Segment Start: Data provided

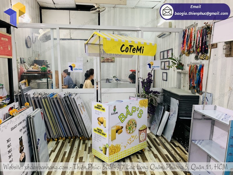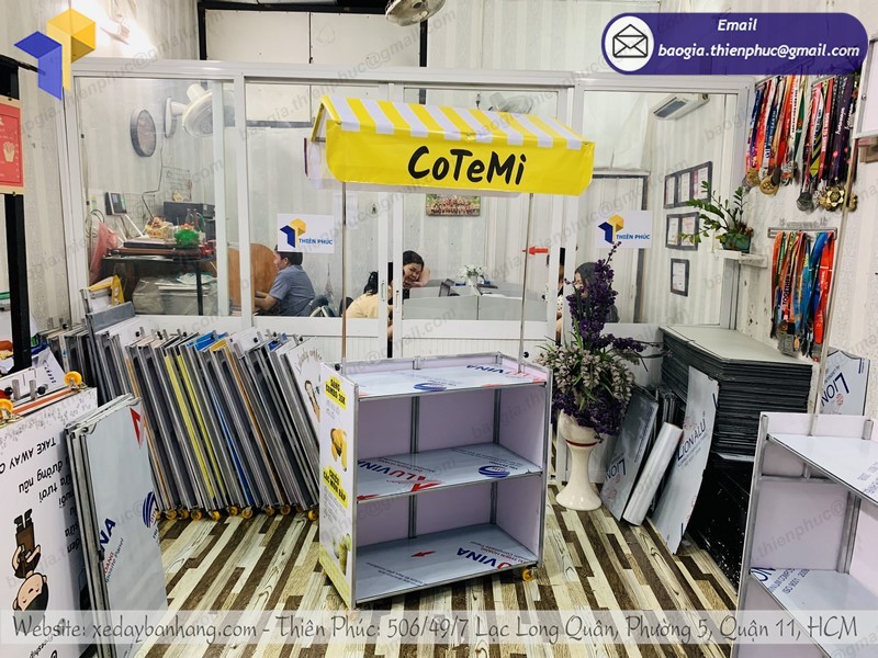 Thiên Phúc là nơi cung cấp các giải pháp thiết kế và thi công xe đẩy bán hàng. Đồng thời, cũng là thương hiệu xe bán hàng lưu động được nhiều người tin dùng và sử dụng. Ngoài ra, con nhận gia công theo nhu cầu và mong muốn của khách hàng. Chúng tôi luôn đặt tiêu chí “ sự hài lòng của quý khách là niềm tự hào của chúng tôi”. Tại Thiên Phúc có vô vàn mẫu mã đa dạng, giá cả phù hợp; chất lượng và uy tín trải dài khắp 64 tỉnh thành với hệ thống vận chuyển xuyên suốt 3 miền với thời gian nhanh nhất.
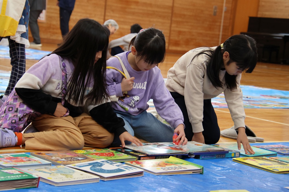 オープニングは名寄本読み聞かせ会の読み聞かせでスタート。絵本「ありがとうのうたをうたえば」と紙芝居「じごくけんぶつ」、児童たちは真剣に本・紙芝居を見つめていました。読み聞かせが終わって振り返ると、そこには体育館いっぱいに敷き詰められた本。気になった本は10冊以内でそのまま貸し出しが可能で、冬休みの期間中借りられます。児童たちは思い思いに本を見て回り、気になる本を手にとってはカバンに入れていました。壁には物語のとおりに進まないとお話が続かない「おはなしめいろ」、貸出はできないけどその場で読むことができるいろいろな仕掛けがある「しかけ絵本」の展示などもあり、普段見ることのない「本」の形に児童たちは興味津々でした。
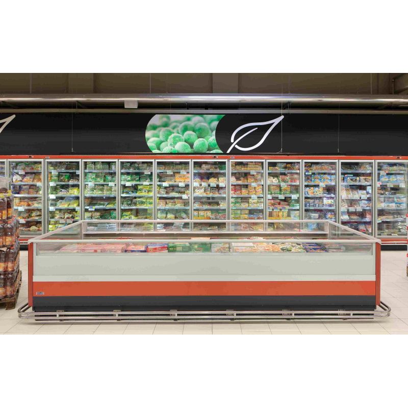 It has dynamic cooling and is the best option for use in supermarkets/minimarkets. Bonnet is designed for storing and displaying packaged fish, ice cream, cakes, dairy products, packaged fruits and vegetables, meat, poultry, as well as various semi-finished products and frozen products.
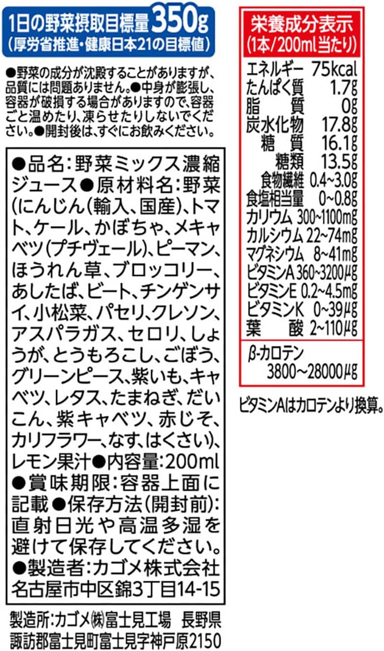 - 野菜一日これ一本200ml×24本は、「これ1本」に彩り豊かな30品目の野菜350g分を使用。砂糖や香料、栄養強化剤などを使用せずに野菜本 来のおいしさと栄養※を提供する無添加の野菜汁100%ジュースです。トマトの濃厚な味わいを楽しみながら 、野菜と栄養※を手軽に補うことができます。※食物繊維、カリウム、カルシウム、ビタミンA、リコピン

Segment End: Data provided

- [Assignment]
Reproduce the material word for word. Skip every picture it holds.

- [Answer box]
 Thiên Phúc là nơi cung cấp các giải pháp thiết kế và thi công xe đẩy bán hàng. Đồng thời, cũng là thương hiệu xe bán hàng lưu động được nhiều người tin dùng và sử dụng. Ngoài ra, con nhận gia công theo nhu cầu và mong muốn của khách hàng. Chúng tôi luôn đặt tiêu chí “ sự hài lòng của quý khách là niềm tự hào của chúng tôi”. Tại Thiên Phúc có vô vàn mẫu mã đa dạng, giá cả phù hợp; chất lượng và uy tín trải dài khắp 64 tỉnh thành với hệ thống vận chuyển xuyên suốt 3 miền với thời gian nhanh nhất.
 オープニングは名寄本読み聞かせ会の読み聞かせでスタート。絵本「ありがとうのうたをうたえば」と紙芝居「じごくけんぶつ」、児童たちは真剣に本・紙芝居を見つめていました。読み聞かせが終わって振り返ると、そこには体育館いっぱいに敷き詰められた本。気になった本は10冊以内でそのまま貸し出しが可能で、冬休みの期間中借りられます。児童たちは思い思いに本を見て回り、気になる本を手にとってはカバンに入れていました。壁には物語のとおりに進まないとお話が続かない「おはなしめいろ」、貸出はできないけどその場で読むことができるいろいろな仕掛けがある「しかけ絵本」の展示などもあり、普段見ることのない「本」の形に児童たちは興味津々でした。
 It has dynamic cooling and is the best option for use in supermarkets/minimarkets. Bonnet is designed for storing and displaying packaged fish, ice cream, cakes, dairy products, packaged fruits and vegetables, meat, poultry, as well as various semi-finished products and frozen products.
 - 野菜一日これ一本200ml×24本は、「これ1本」に彩り豊かな30品目の野菜350g分を使用。砂糖や香料、栄養強化剤などを使用せずに野菜本 来のおいしさと栄養※を提供する無添加の野菜汁100%ジュースです。トマトの濃厚な味わいを楽しみながら 、野菜と栄養※を手軽に補うことができます。※食物繊維、カリウム、カルシウム、ビタミンA、リコピン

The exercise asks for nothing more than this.